Countries in the Global South are trapped in relying on fossil fuel production to repay debts, a new report from the charity Debt Justice claims.
It also reveals that these countries are currently spending five times more on repaying debts than they are on addressing climate change, with external debt payments increasing by 150% between 2011 and 2023, and reaching their highest levels in 25 years.
Nations including Argentina, Uganda and Mozambique may find it impossible to phase out fossil fuels and transition to renewable, sustainable energy sources, unless this “debt-fossil fuel trap” is addressed, according to the authors.

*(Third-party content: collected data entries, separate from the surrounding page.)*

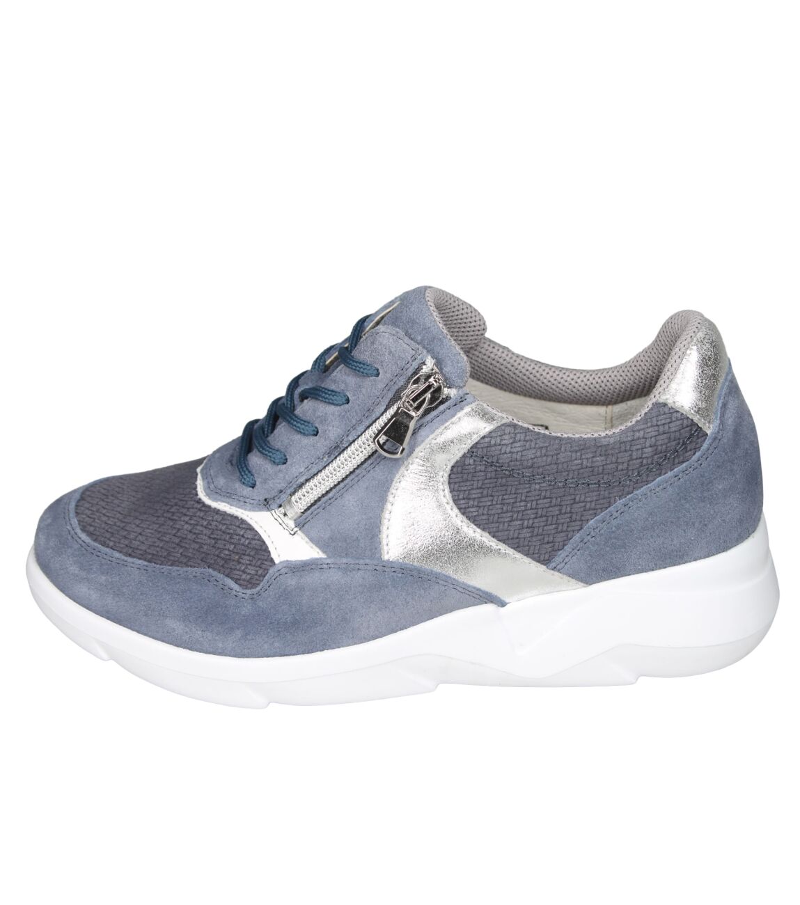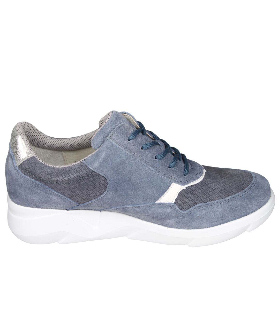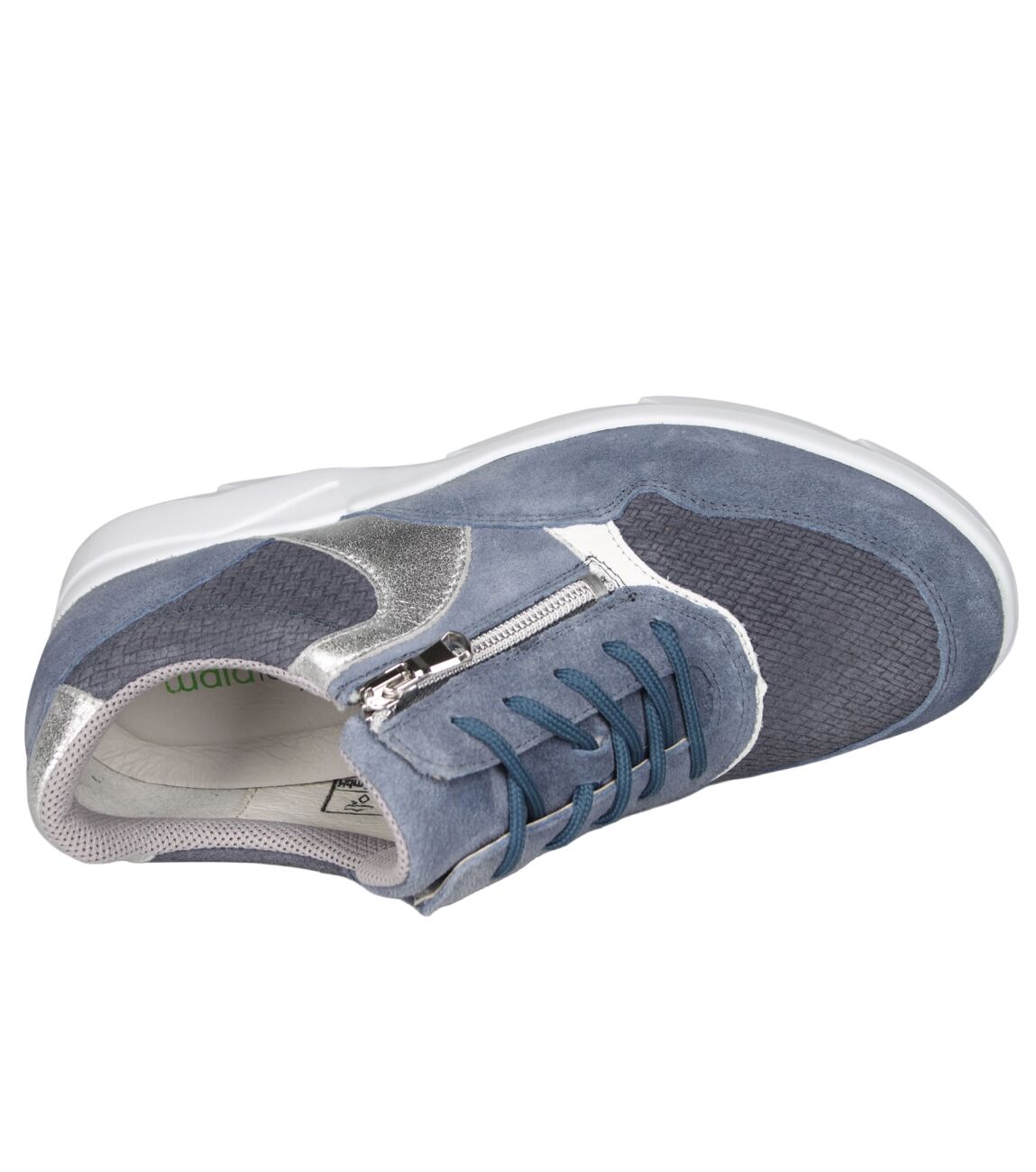 De 668001 K-Funky sneaker van Waldlaufer in wijdte K in 413 855 jeans weiss argento is gemaakt van suede/metallic en geschikt voor extra brede voeten.
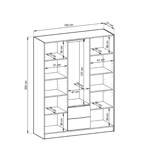 Nella parte inferiore dell'armadio, due cassetti offrono un pratico spazio per riporre i capi piegati, gli accessori e tutto ciò che si preferisce tenere in ordine.
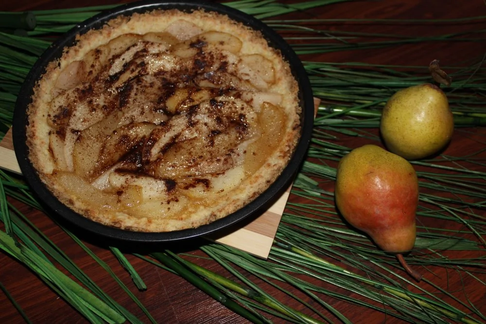 ШАГ 5 Груши красиво выложить поверх сформированной основы будущего пирога. Сверху по желанию и по вкусовым предпочтениям можно посыпать корицей и ванильным сахаром.

Argentina, for example, is committing to fracking in an oil and gas field in Northern Patagonia as a way to solve the country’s debt crisis and wider economic problems, backed by the International Monetary Fund (IMF).
The IMF and World Bank also overestimate anticipated revenues from fossil fuel projects, leaving countries at risk of further debt while remaining locked in climate-harmful activities, according to the report.
It suggests that there are 54 countries in a debt crisis, and highlights how the situation could get much worse as interest rates rise, markets destabilise and the war in Ukraine pushes up food and energy prices.
“High debt levels are a major barrier to phasing out fossil fuels for many Global South countries,” said Tess Woolfenden, senior policy officer at Debt Justice.
“Many countries are trapped exploiting fossil fuels to generate revenue to repay debt, while at the same time, fossil fuel projects often do not generate the revenues expected and can leave countries further indebted than when they started. This toxic trap must end.”
In 2009, Global North governments committed to providing $100bn (£79bn) in climate finance every year to Global South countries by 2020, but continuously failed to meet this commitment, which itself is thought to be well below what is needed for climate adaptation and mitigation.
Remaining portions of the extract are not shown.